However, I recently had an email from my youngest daughter, who currently resides on the island of Okinawa, Japan, telling me that my flowers were "pretty" but she would really like to have more "stories." That comment reminded me of why I started a blog in the first place. Forgive me, I quote myself from Post #1:
"It's the discovery of those other sites which has encouraged me to begin my own journal of remembrances. At age 73, I am still blessed to have a good memory that, at present, goes back quite a long way. I decided that while I still have that capacity, I'll jot down a few random remembrances of my life, along with some current happenings. Fear not! I'm not going to post a chronological listing of all my life's events. Some are best forgotten, anyway!

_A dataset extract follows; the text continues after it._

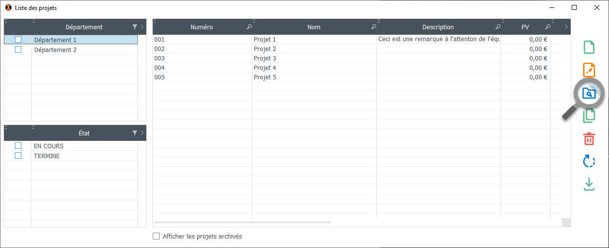 Ouvrir le projet Ouvrir un projet permet d'encoder les tâches, ainsi que calculer son prix de revient et son prix de vente. Sélectionnez le projet à ouvrir en cliquant dessus. Cliquez sur l'icône "Consulter"

So...I've done a bit of soul-searching during the recent blog-dry period. I have accepted the reality that I will never, ever, ever, take as beautiful and beautifully composed photographs as Kate, Abe, David, Hilary, Klaus, Mojo, the East Gwillimbury WOW, and myriad other wonderful photographers, nor will I ever be able to put into words and share the deep, heartfelt and beautifully expressed thoughts of Janine, Ruth, Jeannelle, and countless others, nor be as witty, funny and clever as rhymeswithplague (who is also erudite), Arkansas Patti, and Flurrious, nor write poetry like Jinksy. (Note: most of the myriad 'others' have links in the sidebar of my blog.)
Therefore, I am taking cowardly refuge in something I know I can do better than any of the above mentioned -- to write the remembrances of my life, since no one else has lived my life, and no one else can report my memories. Whether or not they are written "excellently" is of little import. They will be what they will be.
How strange! I think that's what I intended to do in the first place! How easily I was led astray!
Oh, I'll still post some flower and other photos, but I'll (try to) save those for Today's Flowers on Sundays.
I'll close this post with one very recent memory: I distinctly recall having called the refrigerator repairman before noon yesterday. He assured me that he could have my problem fixed before the day was out, but he would have to pick up some parts in Little Rock. At 5:30 I called to remind him that I needed to leave for my mid-week church service. I distinctly remember that he said he would be here at 10:00 a.m. this morning. My clock says it's almost eleven, and I haven't heard from him. Am I losing my memory?
Tomorrow, Lord willing, a story.
P.S. The repairman just called. He's on his way. Guess my mind wasn't playing tricks, after all.
ADDENDUM: He came, he stayed, he fixed it and it set me back $160.00 (notwithstanding the "senior discount." Oh, well!